*Materials provided*.
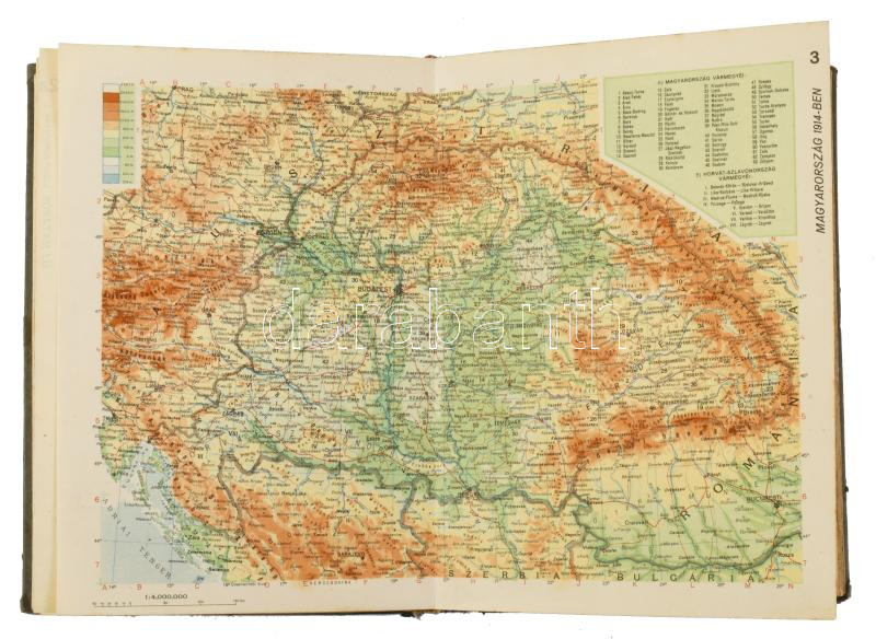 1934 ÁTI kisatlasz. Földrajzi leírás, statisztikai adatok, 56 sokszínű és 155 szövegközti térkép, névmutató 30 ezer helynévvel. Bp., é.n.(1931), Magyar Királyi Állami Térképészet, VIII+176 p.+32 t.(térképek)+156+4 p. (névmutató.) Kiadói félvászon-kötés, kissé sérült gerinccel
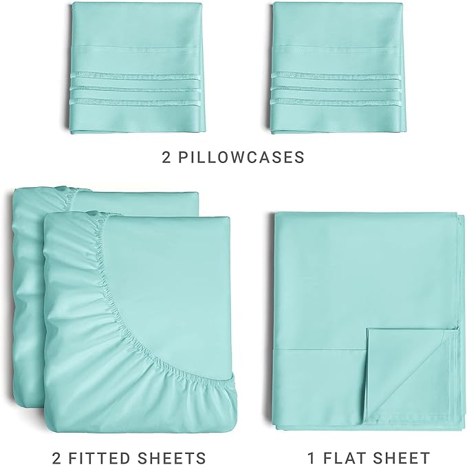 Split King Size 5 Piece Sheet Set - Comfy Breathable & Cooling Sheets - Hotel Luxury Bed Sheets for Women & Men - Deep Pockets, Easy-Fit, Soft & Wrinkle Free Sheets - Spa Blue Oeko-Tex Bed Sheet Set
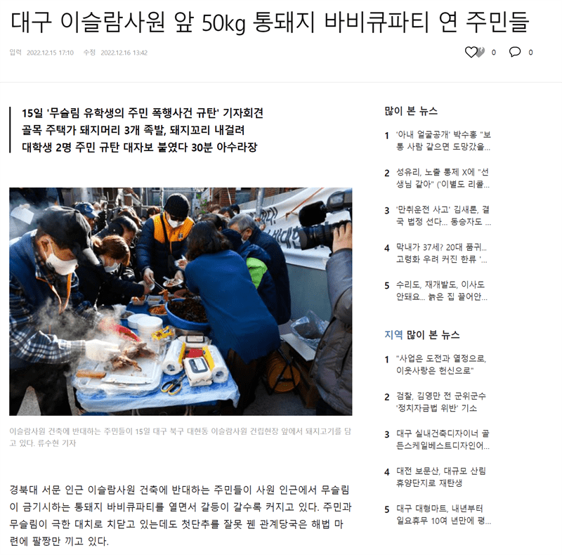 이나라의 중심은 대구가 지킨다. 이슬람꺼져
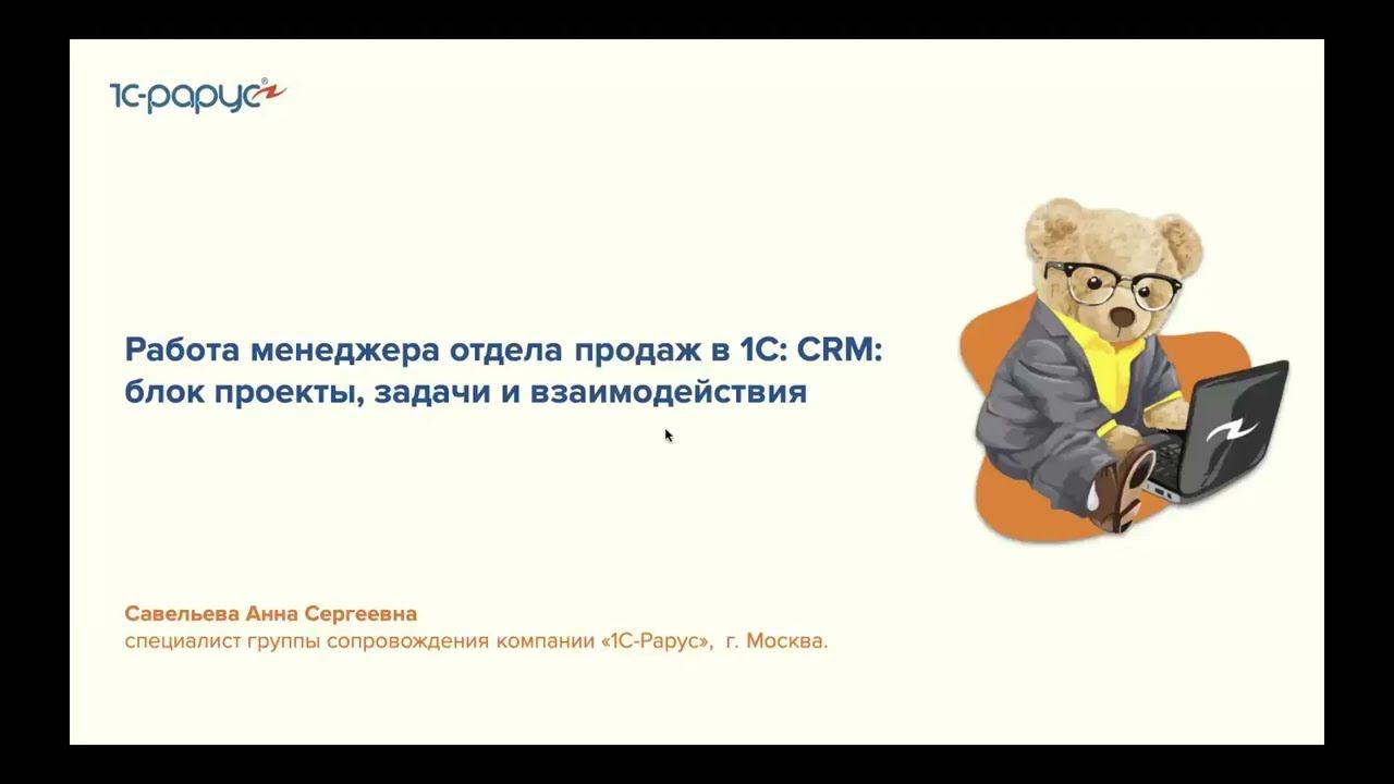 Работа менеджера отдела продаж в 1С:CRM: блок проекты, задачи и взаимодействия - 26.05.2022
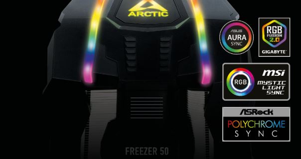 13 A-RGB LED diod instalovaných ve Freezeru 50 je autonomně ovladatelných. Freezer 50 je kompatibilní s běžnými standardy A-RGB předních výrobců základních desek pro co nejjednodušší použití. Lze jej tedy plně osvětlit přímo přes konektor A-RGB na základní desce nebo pomocí externího ovladače a synchronizovat s osvětlením ostatního hardwaru. Partner společnosti ARCTIC, SignalRGB, nabízí komplexní řešení pro synchronizaci a individuální konfiguraci osvětlení.
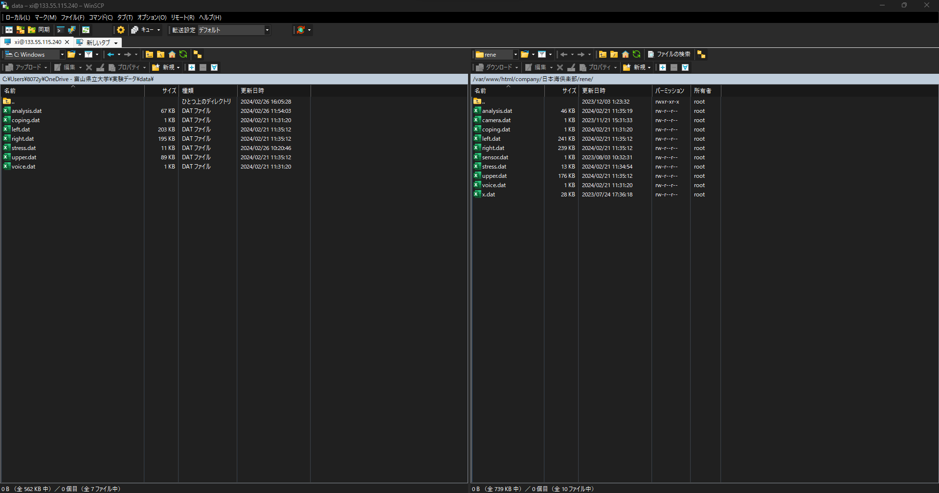 まずwinSCPを開き,winSCPの自分のフォルダの日本語があるdatファイルをダブルクリック→OKを選択する.

*Task instructions*. Each line from the top of the records through the one containing "Работа менеджера отдела" needs to be transcribed exactly, without pictures.

*Solution below*.
 1934 ÁTI kisatlasz. Földrajzi leírás, statisztikai adatok, 56 sokszínű és 155 szövegközti térkép, névmutató 30 ezer helynévvel. Bp., é.n.(1931), Magyar Királyi Állami Térképészet, VIII+176 p.+32 t.(térképek)+156+4 p. (névmutató.) Kiadói félvászon-kötés, kissé sérült gerinccel
 Split King Size 5 Piece Sheet Set - Comfy Breathable & Cooling Sheets - Hotel Luxury Bed Sheets for Women & Men - Deep Pockets, Easy-Fit, Soft & Wrinkle Free Sheets - Spa Blue Oeko-Tex Bed Sheet Set
 이나라의 중심은 대구가 지킨다. 이슬람꺼져
 Работа менеджера отдела продаж в 1С:CRM: блок проекты, задачи и взаимодействия - 26.05.2022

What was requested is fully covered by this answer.